王禀看了一眼中毒的官兵,这毒倒不难解,出手在中毒的官兵胸前点了两下封住血脉,以免毒入心肺,随后一掌打在那人背上,胸前的毒针被逼了出来。
王禀唤了一旁的官兵一声,那官兵此时也是吓破了胆,看王禀喊他,半天不敢过来。
“几位官爷,我已经封住了他的血脉,我说个方子,你们赶紧带他回去喂药,再晚人就保不住了。”
听到王禀这般说辞,官兵这才壮着胆子上前,王禀说了个房子,上前的官兵连连点头说记下了,接着就抬着中毒的兄弟走了。
王禀回头看向肖为,哪里还有肖为的影子,肖为已偷摸跑了,但中了一掌,受了内伤,跑的却不快。
王禀翻身跳到街边屋顶,一眼便看到正捂着胸口边走边回头张望的肖为。
肖为也是看到王禀已然发现了他,逃跑虽是徒劳,但脚下还是又快了几分。
王禀越过几个房顶便追上了肖为,肖为看王禀方才还在对官兵施救,于是便要抓路边百姓要挟。

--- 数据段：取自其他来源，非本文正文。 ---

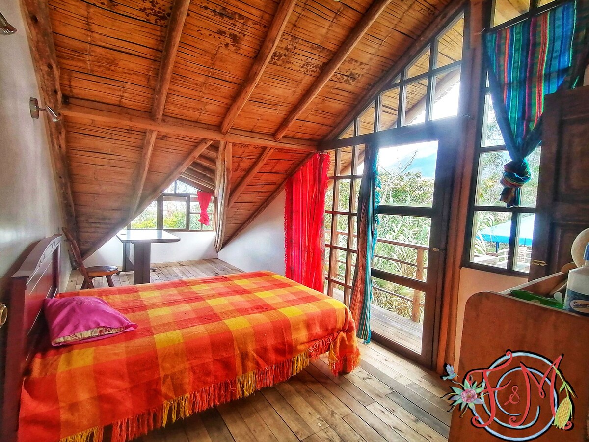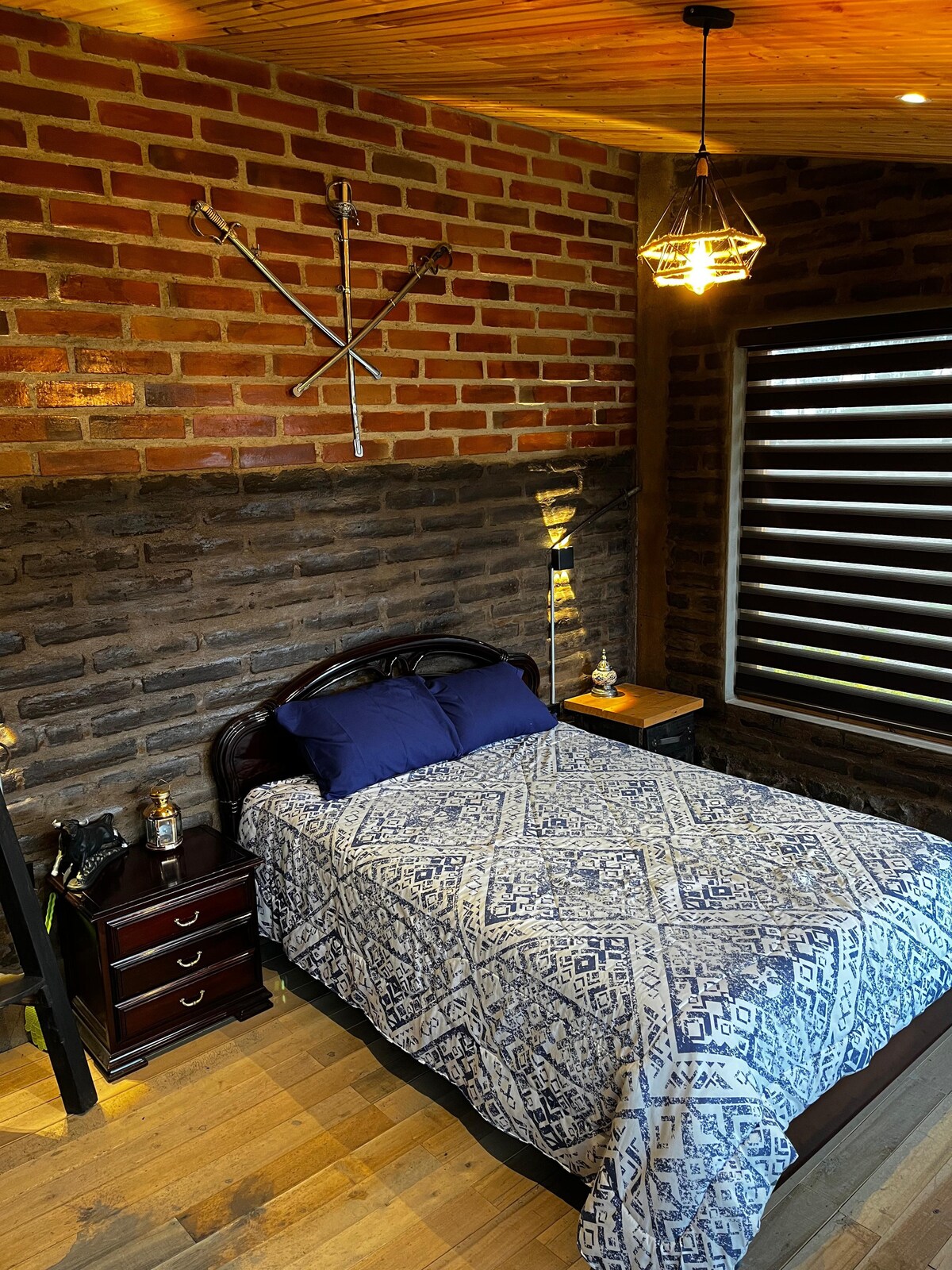 Suite tipo loft, de dos ambientes con Tina de baño, sala, cocina y desayunador, dentro de la suite. (Totalmente independiente) En las áreas exteriores podrás acceder a nuestra piscina y amplios jardines. La propiedad es una casa de campo con una preciosa vista del volcán Imbabura y Cotacachi. Desconéctate del estrés y ruido de la ciudad en este mágico lugar.

奈何天不遂人愿,一旁百姓都躲着他,他好容易眼看要抓住一个,一闪寒芒却快他一步,将他伸出的右手一剑斩了下来。
“啊!”
肖为捂着断手这地上翻滚嘶吼,王禀从房顶落到街上,捡起雪舞剑,这才来到肖为身边。
抬手一掌劈在肖为后颈,将肖为打昏过去,随后点了手上穴道,封了血脉。
也不管周围百姓如何议论,王禀提起肖为便上了房顶,随后往延兴门方向去了。
看到王禀提着一个人过来,祁修泉却是摇摇头,看来这肖为还是没能逃过王禀手心。
洋公子低声向祁修泉问到,“就这般让他把人带走吗?”
“那不然还能如何?今日有机会能留住他的只有地掌门,但是他真会去跟王禀拼命吗?罢了罢了,要怪只能怪这肖为时运不济,命里该有此劫。”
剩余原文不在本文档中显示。